14.2 Awards Previously Granted. Except as otherwise specifically permitted in the Plan or an Award Agreement, no termination, amendment, or modification of the Plan shall adversely affect in any material way any Award previously granted under the Plan, without the written consent of the Grantee of such Award.
Article 15.
Withholding
15.1 Required Withholding
(a) The Committee in its sole discretion may provide that when taxes are to be withheld in connection with the exercise of an Option, or upon the lapse of restrictions on Restricted Shares, or upon the transfer of Deferred Stock, or upon payment of any other benefit or right under this Plan (the date on which such exercise occurs or such restrictions lapse or such payment of any other benefit or right occurs hereinafter referred to as the “Tax Date”), the Grantee may elect to make payment for the withholding of federal, state and local taxes, including Social Security and Medicare (“FICA”) taxes by one or a combination of the following methods:
(i) payment of an amount in cash equal to the amount to be withheld;
(ii) delivering part or all of the amount to be withheld in the form of Common Stock valued at their Fair Market Value on the Tax Date;
(iii) requesting the Company to withhold from those Shares that would otherwise be received upon exercise of the Option, upon the lapse of restrictions on Restricted Stock, or upon the transfer of Deferred Stock, a number of Shares having a Fair Market Value on the Tax Date equal to the amount to be withheld; or
(iv) withholding from any compensation otherwise due to the Grantee.
The Committee in its sole discretion may provide that the maximum amount of tax withholding upon exercise of an Option to be satisfied by withholding Shares upon exercise of such Option pursuant to clause (iii) above shall not exceed the minimum amount of taxes, including FICA taxes, required to be withheld under federal, state and local law. An election by Grantee under this subsection is irrevocable. Any fractional share amount and any additional withholding not paid by the withholding or surrender of Shares or delivery of Mature Shares must be paid in cash. If no timely election is made, the Grantee must deliver cash to satisfy all tax withholding requirements.
(b) Any Grantee who makes a Disqualifying Disposition (as defined in Section 6.4(f)) or an election under Section 83(b) of the Code shall remit to the Company an amount sufficient to satisfy all resulting tax withholding requirements in the same manner as set forth in subsection (a).

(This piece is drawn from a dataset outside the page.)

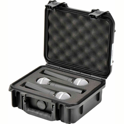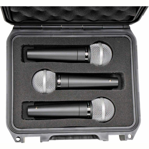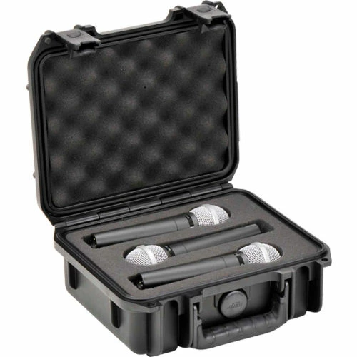 The 3i-0907-MC3 allows 3 mics to be stored horizontally. Each microphone cutout measures 1.5″ wide by 6.75″ long with two perforated removable foam pieces, one located on each end allowing microphone sizes up to 8.5″ in length. By removing the perforated foam piece near the grill of the microphone you can change the shape from being round to square. This will accommodate other popular hand held microphones with square style grills such as the Sennheiser and Electro Voice mics. The 3I-0907-MC3 case measures 9″ x 7″ x 4″ deep and is the most compact 3-mic case on the market. The case has convoluted foam in the lid for a compression fit and is covered by SKB’s Unconditional Lifetime Warranty. 3I Series injection molded waterproof cases are constructed of ultra high-strength polypropylene copolymer resin and feature a gasketed, waterproof and airtight, submersible design (IP67) that is resistant to corrosion and impact damage. Its continuous molded-in hinge, patented “trigger release” latch system, comfortable, snap-down rubber over-molded cushion grip handle, secure stacking, and automatic ambient pressure equalization valve (MIL-STD-648C) all contribute to its military grade design.

15.2 Notification under Code Section 83(b). If the Grantee, in connection with the exercise of any Option, or the grant of Restricted Shares, makes the election permitted under Section 83(b) of the Code to include in such Grantee’s gross income in the year of transfer the amounts specified in Section 83(b) of the Code, then such Grantee shall notify the Company of such election within 10 days of filing the notice of the election with the Internal Revenue Service, in addition to any filing and notification required pursuant to regulations issued under Section 83(b) of the Code. The Committee may, in connection with the grant of an Award or at any time thereafter, prohibit a Grantee from making the election described above.
Article 16.
Additional Provisions
16.1 Successors. All obligations of the Company under the Plan with respect to Awards granted here-under shall be binding on any successor to the Company, whether the existence of such successor is the result of a direct or indirect purchase, merger, consolidation, or otherwise of all or substantially all of the business and/or assets of the Company.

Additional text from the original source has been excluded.